アリの一言 

天皇制、朝鮮半島、沖縄の現実と歴史などから、
  人権・平和・民主主義・生き方を考える。
   

徳仁天皇は「ビデオメッセージ」を発してはならない

2020年04月09日 | 天皇制と政権

    
 安倍晋三首相は7日、ついに緊急事態宣言を発しました(写真右)。その問題点については今後改めて追及していきますが、その前に危惧されることがあります。それは、「宣言」を受けて、徳仁天皇が「ビデオメッセージ」をテレビで流す可能性(恐れ)があることです。天皇は「メッセージ」を発するべきではありません。発してはいけません。

 昨今の情勢で、もし代替わりしていなければ、明仁天皇はまた「ビデオメッセージ」を出すのではないだろうか、と思っていた矢先、イギリスのエリザベス女王が5日(現地時間)、「私たちが団結すれば(コロナウイルスに)打ち勝つことができる」とするテレビ演説を行いました(写真左)。女王がクリスマス以外にテレビでメッセージを発するのはきわめて異例です。
 徳仁天皇や明仁上皇がこれに刺激を受け(日本の皇室とイギリス王室は深い関係)、日本でも、と考えることは十分予想されます。

 なぜなら、9年前、東日本大震災のさい、衝撃が収まらない2011年3月16日にテレビで「ビデオメッセージ」を流したのが明仁天皇(当時)にほかならないからです(写真中)。天皇がテレビを通して直接メッセージを出すのは初めてのことでした。

 いろいろな意味で「3・11」と比較される現在の新型コロナ感染状況下で、徳仁天皇あるいは明仁上皇がふたたび「ビデオメッセージを」と考えても不思議ではありません。

 明仁天皇のメッセージに対しても書きましたが(2016年3月17日のブログ参照https://blog.goo.ne.jp/satoru-kihara/d/20160317)、天皇の「ビデオメッセージ」はきわめて重大で、けっして容認できるものではありません。主な理由は4点あります。

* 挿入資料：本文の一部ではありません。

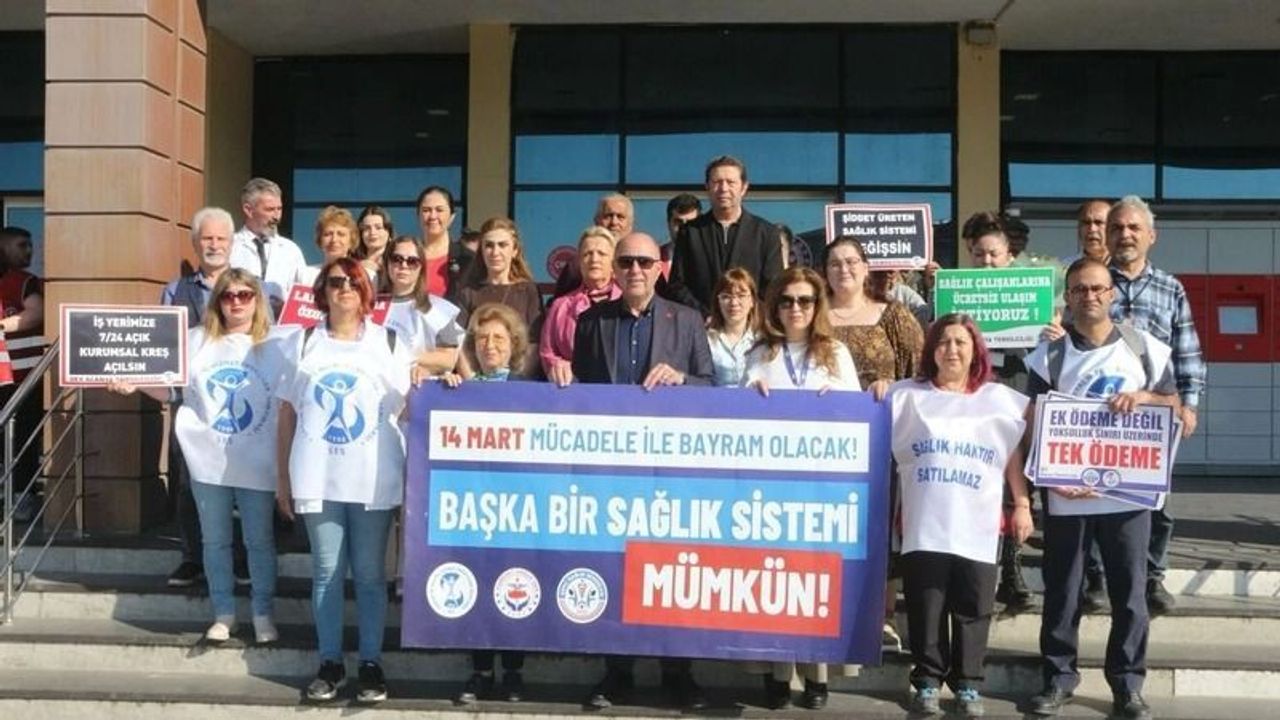 ALANYA'DA sağlık çalışanları, 14 Mart Tıp Bayramı'nda iş bırakma eylemi yaptı. Alanya Eğitim ve Araştırma Hastanesi (EAH) önünde düzenlenen greve, Sağlık ve Sosyal Hizmet Emekçileri Sendikası (SES) Alanya Temsilciliği, Genç Sağlık Sen Alanya Temsilciliği ve Hürriyet Sen Alanya Temsilciliği destek verdi.

 第1に、憲法第4条は、「天皇は、この憲法の定める国事に関する行為のみを行い、国政に関する権能を有しない」と厳格に規定しています。天皇の「ビデオメッセージ」(あるいはそれに類する行為)は憲法(第6条、第7条)が規定する国事行為には含まれていません。天皇が直接「国民」にメッセージを発すること憲法上許されない違憲行為です。

 第2に、憲法第3条は、「天皇の国事に関するすべての行為には、内閣の助言と承認を必要とし、内閣が、その責任を負う」としています。しかし明仁天皇のビデオメッセージは「内閣の助言と承認」を得ず、天皇自身の発案で天皇が書いた内容で行われました。その意味で、天皇のビデオメッセージは2重の憲法違反です。

 第3に、明仁天皇のメッセージは「深い悲しみの中で、日本人が取り乱すことなく助け合い、秩序ある対応を示している」として、ことさら「日本人」を強調し、ナショナリズムを煽りました。そして「秩序ある対応」を評価する形でそれを要求しました。これは政府(国)に対する被災者・住民・国民の当然の怒り・批判を抑え込む役割を果たしました。

 もし今回徳仁天皇が「メッセージ」を出すとしても、「日本人」「秩序」「助け合い」「絆」を強調するのは必至でしょう。それは安倍首相の緊急事態宣言の危険性を隠ぺいし、安倍政権を側面援助するきわめて重大な政治的役割を果たすことになります。

 第4に、「国難」(小池百合子都知事)といわれる現在の状況下で天皇がメッセージで「国民」に結束を求めることは、天皇が「国民」を束ねるものであるかのように描くことになります。それは自民党の改憲草案が第1条で掲げる「天皇元首化」に道を開くものです。

 以上のような重大な問題をもつ「天皇ビデオメッセージ」が、安倍首相の緊急事態宣言で民主主義が危機に瀕しているいま、「3・11」に続いて出されることがないよう厳しく注視する必要があります。